Has anyone said that to you?
“It seems that your body is shaking all the time.”
“Your movements seem to be slower than before.”
“How did you start taking small steps?”
“It seems a little difficult for you to turn around.”
“You have fallen several times during this time.”
That is because there is a disease called Parkinson’s Disease (PD).
Parkinson’s disease is the second most common neurodegenerative disease after Alzheimer’s disease. It is estimated that there are close to 10 million PD patients in the world. The main pathological change of PD is the degeneration and death of dopaminergic (DA) neurons in the dense part of the midbrain substantia nigra, resulting in a significant decrease in striatum dopamine levels. The clinical manifestations are tremor, muscle rigidity, slow movement, and unstable gait and posture. In the past, the main treatment for PD was levodopa/carbidopa, but long-term use of dopamine drugs can cause movement complications such as symptom fluctuations and dyskinesia. At present, drugs for treating PD can only relieve symptoms, and cannot fundamentally prevent degeneration of dopaminergic neurons.

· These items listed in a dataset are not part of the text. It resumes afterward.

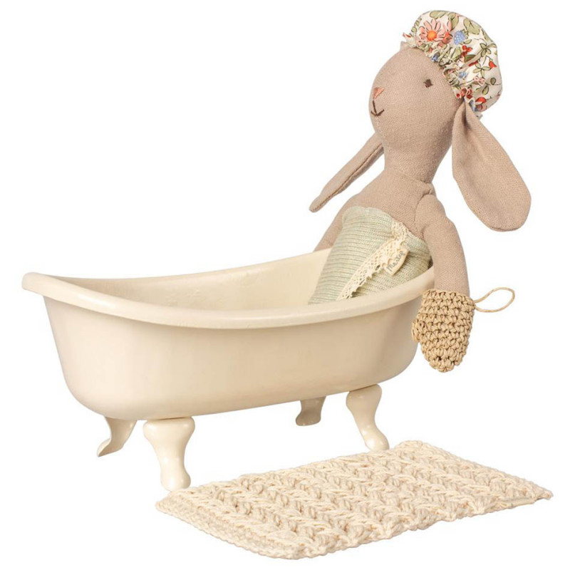 El set de bienestar Maileg incluye una toalla, un gorro de baño y una manopla de crin para el baño. El sombrero y el guante se ajustan a los conejitos de Maileg tamaño 1 y 2, a los ratones y a la familia Teddy. Un delicioso complemente para jugar con tus ratones y conejos pequeños de Maileg y para la casa de muñecas de Maileg. Apto a partir de 3 años.
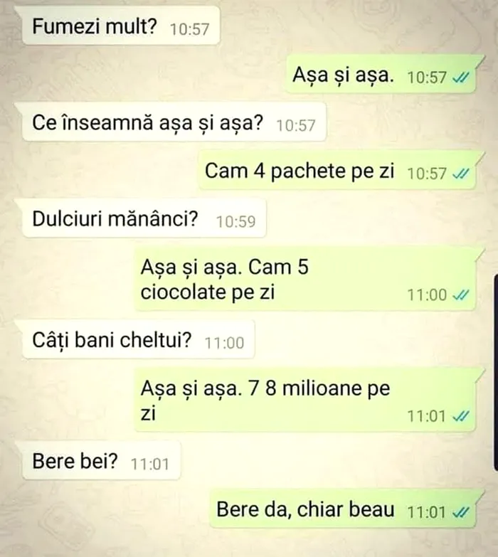– Așa și așa. Cam 5 ciocolate pe zi.
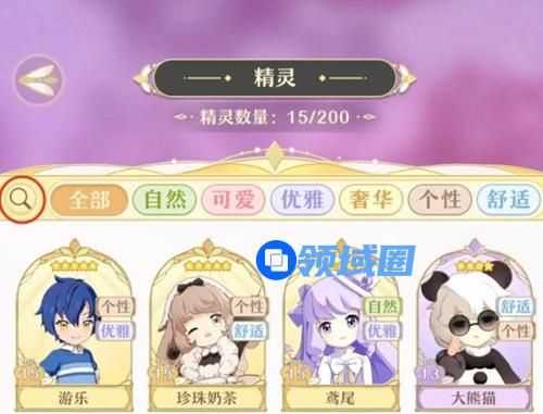1、打开游戏,进入精灵养成页面,点击如图所示的放大镜。
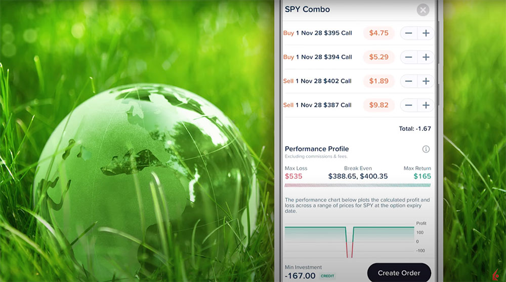 Once the investor selects a strategy, an informational screen will appear where the investor can adjust the strike ratio of the original strategy, see the total cost of the trade, excluding commission, see a Performance Profile of the strategy showing the max loss, breakeven point or points, and the max return as well as other relevant information. When ready, the investor taps the Create Order button in the bottom right-hand corner of the screen.
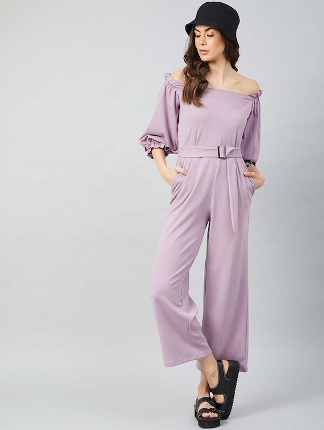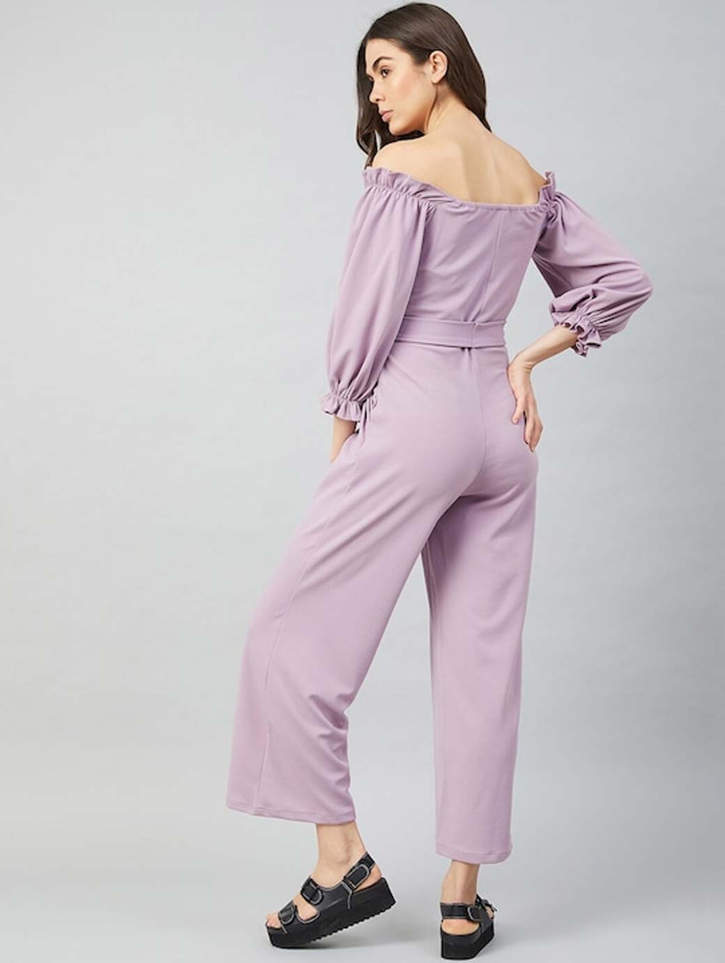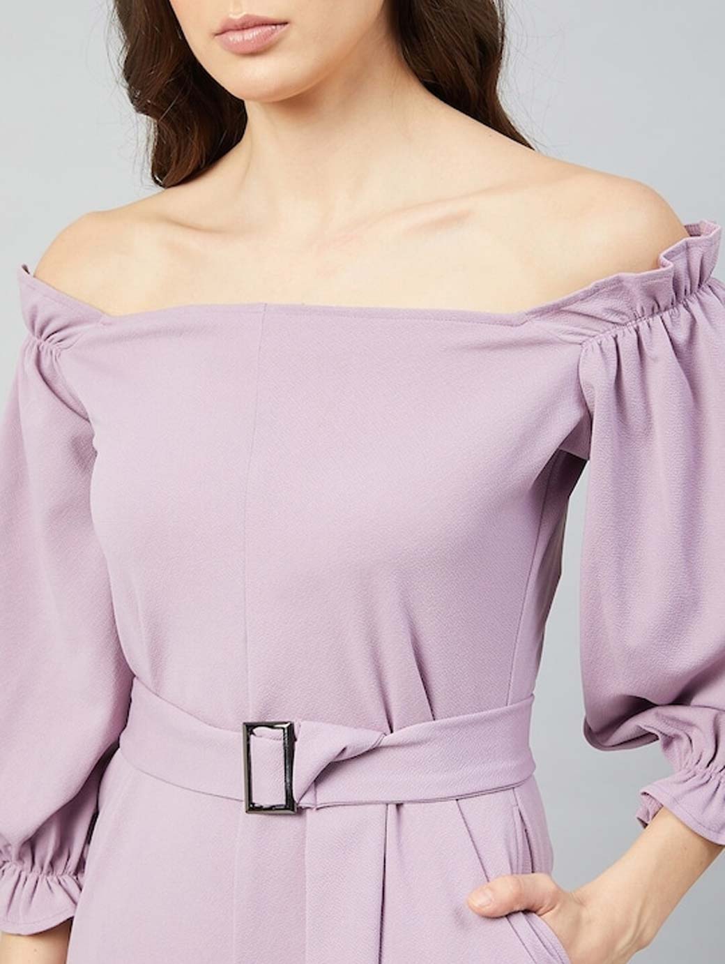 Lavender solid basic jumpsuit, has a off-shoulder, front tie-up, three-quarter sleeves
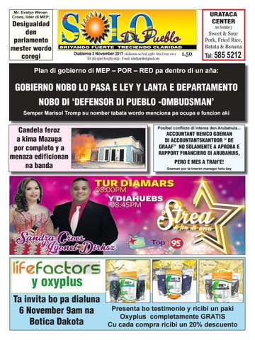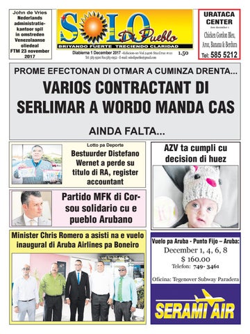 Solo di Pueblo, un corant funda pa Edmond Croes y su famia dia 12 di September 2005. Tabatatin necesidad pa un corant nobo cu por trese un balanse di informacion. Pueblo a sugeri un corant nobo! Di esunnan cu tabata exisiti, mayoria tabata sirbi nan propio interes y tabata practica censura! Solo di Pueblo ta e formula nobo di corant na Aruba, unda TUR grupo den comunidad, sin expecion tin participacion. Dia 12 di September 2023 lo cumpli 18 aña di existencia. Solo di Pueblo ta obtenibel tur mainta na 400 kiosko rond Aruba. Su prijs di benta ta Afl. 1.50.
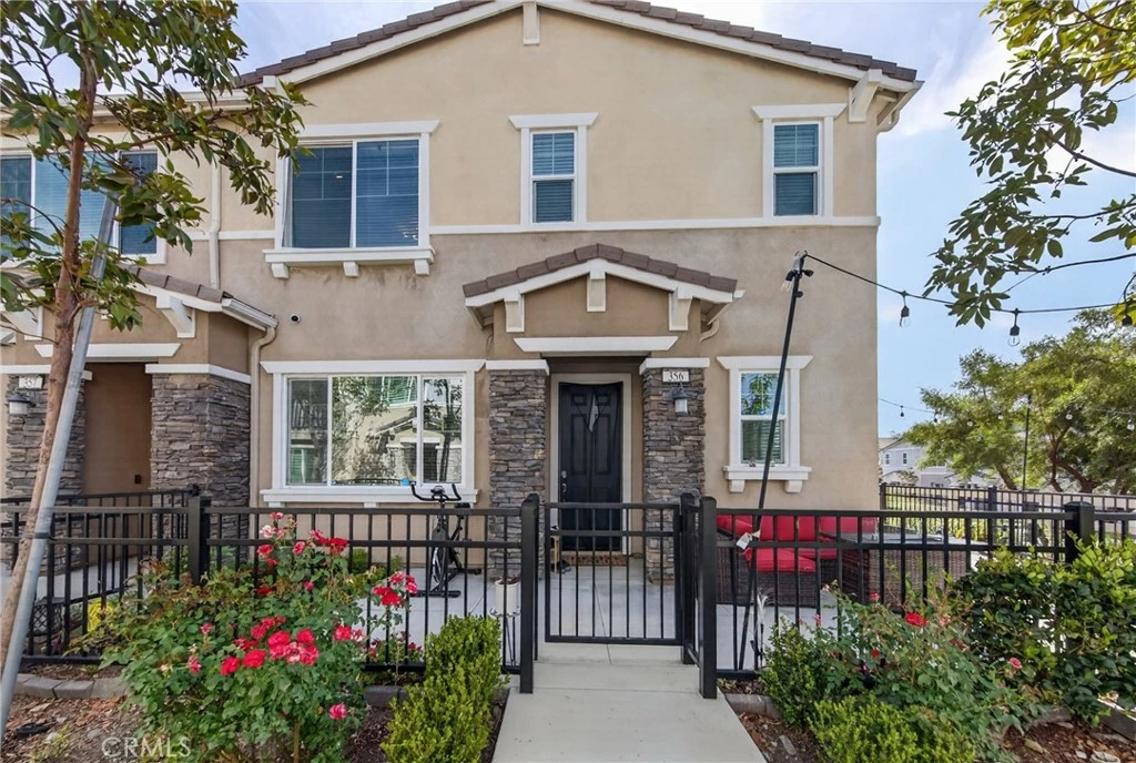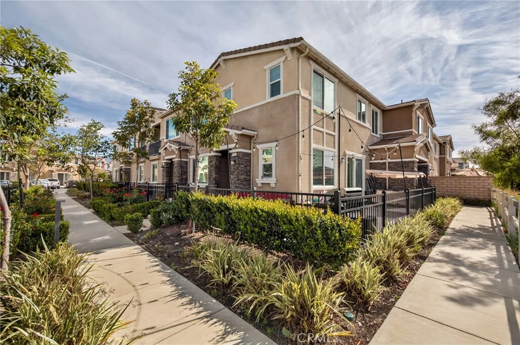 Honey Stop the car — your new home awaits at 16502 Casa Grande #356 in the coveted Woodbridge at Gabion Ranch community of North Fontana. This rare corner residence (Residence 5) offers sweeping mountain and city views and 1,826 sq. ft. of thoughtfully designed living space with 3 bedrooms, 2.5 baths and a large upstairs loft. Enter through a private, fully enclosed wraparound porch into an open main level featuring a spacious living room, dining area and kitchen with a large island, recessed lighting, upgraded flooring and a slider to the rear patio. Downstairs also includes a convenient powder room and direct access to the attached two-car garage, finished with epoxy flooring and a Tesla charging station. Upstairs you’ll find a generous loft ideal for a home theater, laundry room, two well-sized bedrooms and a full bath on the north side. The primary suite on the south side boasts a separate tub and shower, walk-in closet and dramatic city views. Bedrooms are carpeted with upgraded flooring in the hall and loft. Comfort and efficiency features include central air and heat, a whole-house fan and a Solar 20/20 plan providing a 20% discount on electricity. The expanded wraparound patio and new slab increase usable outdoor space—perfect for kids, pets or relaxing outdoors. Exceptional HOA-maintained grounds with nearby community amenities: pools (one within a short walk), dog park, playground, splash park, clubhouse and sports courts. Convenient North Fontana location with easy access to the 210 and 15 freeways, schools, shopping and services. Schedule your showing today — this one won’t last.
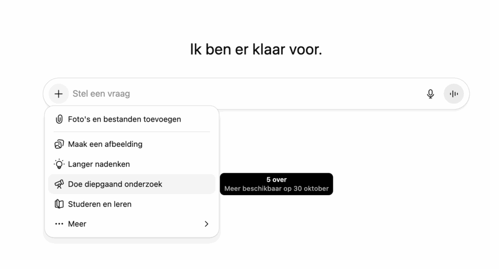 De agent is te gebruiken via de knop ‘Doe diepgaand onderzoek’ onderin het vraagvenster van ChatGPT.
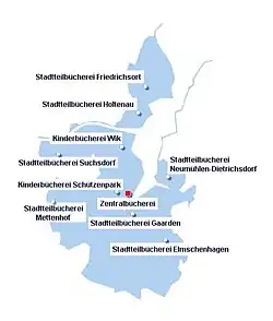 Neben der Zentralbibliothek gibt es sieben Stadtteilbüchereien und zwei Kinderbüchereien, die das Bibliothekssystem der Stadtbücherei Kiel bilden:
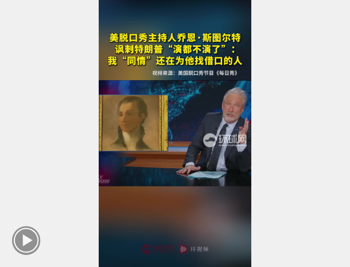 【环球网报道】据美国《综艺》杂志报道,在当地时间1月5日播出的美国脱口秀节目《每日秀》上,主持人乔恩·斯图尔特就美国对委内瑞拉军事行动讽刺美国总统特朗普“演都不演了”。他讽刺说,我同情那些还在为特朗普找理由的“马屁精”,“他们还没收到通知,我们不再需要用所谓‘伟大国家理想’来包装我们的鲁莽行为。”

Parkinson’s pathogenesis and pathology Parkinson’s pathogenesis and pathology
Dopamine and acetylcholine are two important neurotransmitters in the striatum, and their functions are antagonistic to each other. Maintaining a balance between the two plays an important role in regulating the activity of the basal ganglia circuit. In Parkinson’s disease, due to the degeneration and loss of dopaminergic neurons in the substantia nigra, the dopamine content in the striatum is significantly reduced, resulting in the relative hyperfunction of the acetylcholine system, resulting in increased muscle tone and decreased exercise. The exact pathogenesis leading to the degeneration and death of nigra dopaminergic neurons is not yet clear. Current studies have shown that oxidative stress, mitochondrial dysfunction, protein misfolding and aggregation, glial cell hyperplasia, and inflammatory reactions in the nigra dopaminergic neurons degeneration It plays an important role in death.
The pathological changes of PD are mainly located in the substantia nigra, and the degenerated and shed cells are mainly dopaminergic cells in the dense zone. In addition, pigmented nerve cell populations in the lobe nucleus, dorsal nucleus nucleus, and mesenteric nucleus also have obvious degeneration, and the basal ganglia nucleus also has obvious lesions. Another pathological feature of PD is the Lewy bodies in the cytoplasm of the remaining neurons in the degeneration area, but the significance of Lewy bodies is unknown. The latest research found that α-synuclein mutations in Lewy bodies are related to the etiology of PD, but recent studies have found that Lewy bodies are the normal components of cells-composed of neuronal filaments. Lewy bodies are not unique to PD, and they can also be seen in dementia.
Parkinson’s treatment method
When the patient first appeared symptoms, the patient’s brain dopaminergic neurons decreased by more than 50%, so the existing treatment is to supplement dopamine and try to restore normal dopamine levels in the brain.
Drug therapy is the most important treatment method for Parkinson’s disease, including disease-modifying drugs and symptomatic drugs. The purpose of disease-modifying therapy is to delay the progression of the disease. The current commonly used drugs for disease-modifying effects are monoamine oxidase B type (MAO-B) Inhibitors and dopamine receptor (DR) agonists, etc. In addition to possible disease-modifying effects, disease-modifying therapeutic drugs can also improve symptoms. Symptomatic therapeutic drugs can not only significantly improve symptoms, but also have a certain disease modifying effect.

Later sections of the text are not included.